Your point about the same institutional holdings being treated both as a set of taxonomically organised collections and as a set of collections categorised by preservation methods is interesting. I could imagine an extreme case where a collection chooses to reorganise completely from the first model to the second (more likely than the other way around) and wishes/needs to present all of its holdings to the wider world as a new set of collections with complex historical relationships to the older ones (many partial transfers of old collections to new ones).
Ideally, in such a case, metadata would be clear enough that we would be able to determine both the original and the current collection for any specimen that preceded the reorganisation. In practice, I expect that we would need simply to handle the old collection codes as ambiguous synonyms for multiple new collection codes and rely on human effort or business logic to map older references (e.g. in an older taxonomic treatment) to the correct present-day one.
I agree that the example by @WUlate nicely illustrates the complexities that may arise for the relations between collections in virtue of the histories of their constituent specimens.
Handling old collection codes as “ambiguous synonyms for multiple new collection codes” might fall short of achieving a meaningful representation of the actual relations among the collections concerned.
I would recommend drafting a carefully chosen and defined set of relations between collections that corresponds to user expectations in the context of the catalogue and that represents collections’ relations along the lines of splits, merges, and in general transformations in terms of their constituent specimens (and I’d gladly try to contribute to such an approach).
This could be done so that both relations among collections existing in a temporal sequence (e.g., a historical collection being absorbed wholly or partially in a contemporary collection) and among collections existing concurrently (e.g., some specimens transferred from one to another in workflows such as the one described by @WUlate).
Last but not least such an approach could also support cases where collections, even concurrently, are conceived in terms of different partitions of the attribute space (“dimensions”) of an institution’s (or several institutions’) holdings, e.g. one partition based on taxonomy vs. one based on preparation type.

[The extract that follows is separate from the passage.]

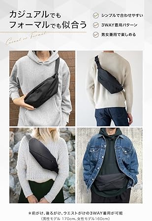 ・【機能的でもオジサンくさいのはイヤだ..】というお客様の声に応えたボディバッグ:意外とボディバッグに関しては、「おじさんくさい」「一昔前のデザイン」と思われるボディバッグが多かったりと、選び方が少し難しい部分もあるボディバッグ。時代や流行に左右されず、洗練されて、誰でも着けるだけで高見えするデザインを追い求めました。ユニセックスデザインのため、男性用 女性用 どちらも似合うデザイン。キッズや学生から 20代 30代 40代 50代ギフトやプレゼント用にも。また普段使いから海外旅行、ジム、ウォーキング、お散歩など幅広いシーンでも使えます。
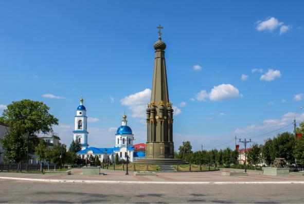 Монумент Славы (Героям Отечественной войны 1812 г) считается главной достопримечательностью (на переднем плане на фото), но собор Казанской иконы Божией Матери старше.

Thanks @cboelling - I fully agree that we need the kind of approaches you describe and as far as possible to represent the actual relations among the collections. My “ambiguous synonymy” was because we know in advance that there will be cases where this is not possible and we need to be ready to handle the lowest common denominator as well as what we hope to be best practice.
I think a first priority for the catalog should be, given some of the potential usages mentioned in earlier discussions, to get a more complete and up to date overview of the institute collection holdings (the sum of the collections in an institute). Once that is established, AI tooling could be used to discover collection relationships where I think the most inportant use case is to relate mentions of collections in literature to current collections.